Gargantua et Pantagruel (Texte transcrit et annoté par Clouzot)\G42

Texte établi par Henri ClouzotLarousse (Tome ITexte sur une seule pagep. 126-128).

COMMENT GRANDGOUSIER MANDA QUÉRIR SES LÉGIONS, ET COMMENT TOUQUEDILLON TUA HASTIVEAU, PUIS FUT TUÉ PAR LE COMMANDEMENT DE PICROCHOLE.

En ces mêmes jours, ceux de Bessé, du Marché Vieux, du bourg Saint-Jacques, du Rainneau, de Parillé, de Rivière, des Roches-Saint-Paul, du Vaubreton, de Pautille, du Bréhemont, du Pont-de-Clam, de Cravant, de Grandmont, des Bourdes, de la Villaumère, de Huymes, de Ligré, de Ussé, de Saint-Louant, de Panzoust, des Couldreaulx, de Véron, de Coulaine, de Chosé, de Varennes, de Bourgueil, de l’Île-Bouchard, du Croulay, de Narsay, de Cande, de Montsoreau et autres lieux confins, envoyèrent devers Grandgousier ambassades pour lui dire qu’ils étaient avertis des torts que lui faisait Picrochole, et pour leur ancienne confédération, ils lui offraient tout leur pouvoir, tant de gens que d’argent et autres munitions de guerre.

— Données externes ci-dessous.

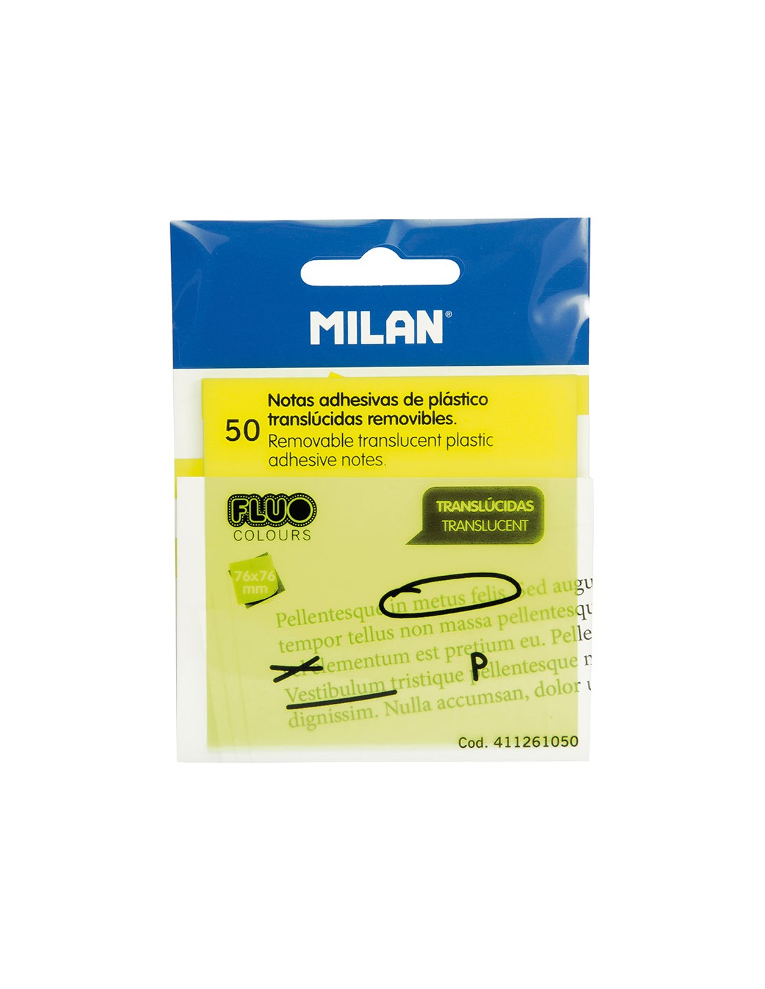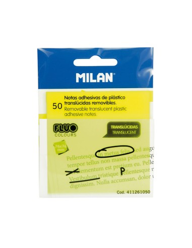 Bloc 50 notas adhesivas translúcidas amarillo fluo 76x76mm milan. notas adhesivas de plástico translúcidas y removibles. permiten escribirfácilmente y hacer anotaciones con lápiz o bolígrafo. color amarillo fluo translúcido. 76x76mm.
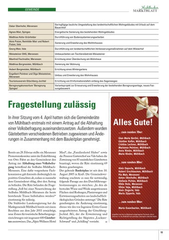 Fragestellung zulässig In ihrer Sitzung vom 4. April hatten sich die Gemeinderäte von Mühlbach erstmals mit einem Antrag auf die Abhaltung einer Volksbefragung auseinanderzusetzen. Außerdem wurden Gästebetten verschiedenen Betrieben zugewiesen und Änderungen in Zusammenhang mit dem Bauleitplan genehmigt. Bereits am 28. Februar stellte ein Meransner Promotorenkomitee unter der Federführung von Otto Pabst an den Gemeinderat den Antrag zur Abhaltung einer Volksbefragung betreffend die Seilbahn MühlbachMeransen. Eine dafür vorgesehene Fachkommission gab ihrerseits diesbezüglich ein positives Gutachten ab, sodass es nunmehr dem Gemeinderat oblag, über den Antrag zu befinden. Die Räte befanden die Fragestellung „Soll bei einer Neuerrichtung der Seilbahn Mühlbach-Meransen die heute bestehende Trasse beibehalten werden?“ einstimmig für zulässig. Die Südtiroler Landesregierung hat die Marktgemeinde Mühlbach bereits mit einem Beschluss aus dem Jahr 2011 ermächtigt, neue Zonen für touristische Beherbergungseinrichtungen mit insgesamt 600 Gästebetten auszuweisen. Das „Alpin Wellness Hotel

L’argent de tous montait, par les pactes[1] qu’ils lui envoyaient, six vingt quatorze millions deux écus et demi d’or. Les gens étaient quinze mille hommes d’armes, trente et deux mille chevaux-légers, quatre vingt neuf mille arquebusiers, cent quarante mille aventuriers, onze mille deux cents canons, doubles canons, basilics et spiroles[2], pionniers quarante sept mille : le tout soudoyé[3] et avitaillé[4] pour six mois et quatre jours. Lequel offre Gargantua ne refusa ni accepta du tout. Mais grandement les remerciant, dit qu’il composerait[5] cette guerre par tel engin[6] que besoin ne serait tant empêcher[7] de gens de bien. Seulement envoya qui[8] amènerait en ordre les légions lesquelles entretenait ordinairement en ses places de la Devinière, de Chaviny, de Gravot et Quinquenais, montant en nombre deux mille cinq cents hommes d’armes, soixante et six mille hommes de pied, vingt et six mille arquebusiers, deux cents grosses pièces d’artillerie, vingt et deux mille pionniers, et six mille chevaux-légers, tous par bandes, tant bien assorties de leurs trésoriers, de vivandiers, de maréchaux, d’armuriers et autres gens nécessaires au trac[9] de bataille, tant bien instruits en art militaire, tant bien armés, tant bien reconnaissants et suivants leurs enseignes, tant soudains à entendre et obéir à leurs capitaines, tant expédiés[10] à courir, tant forts à choquer[11], tant prudents à l’aventure, que mieux ressemblaient une harmonie d’orgues et concordance d’horloge qu’une armée ou gendarmerie.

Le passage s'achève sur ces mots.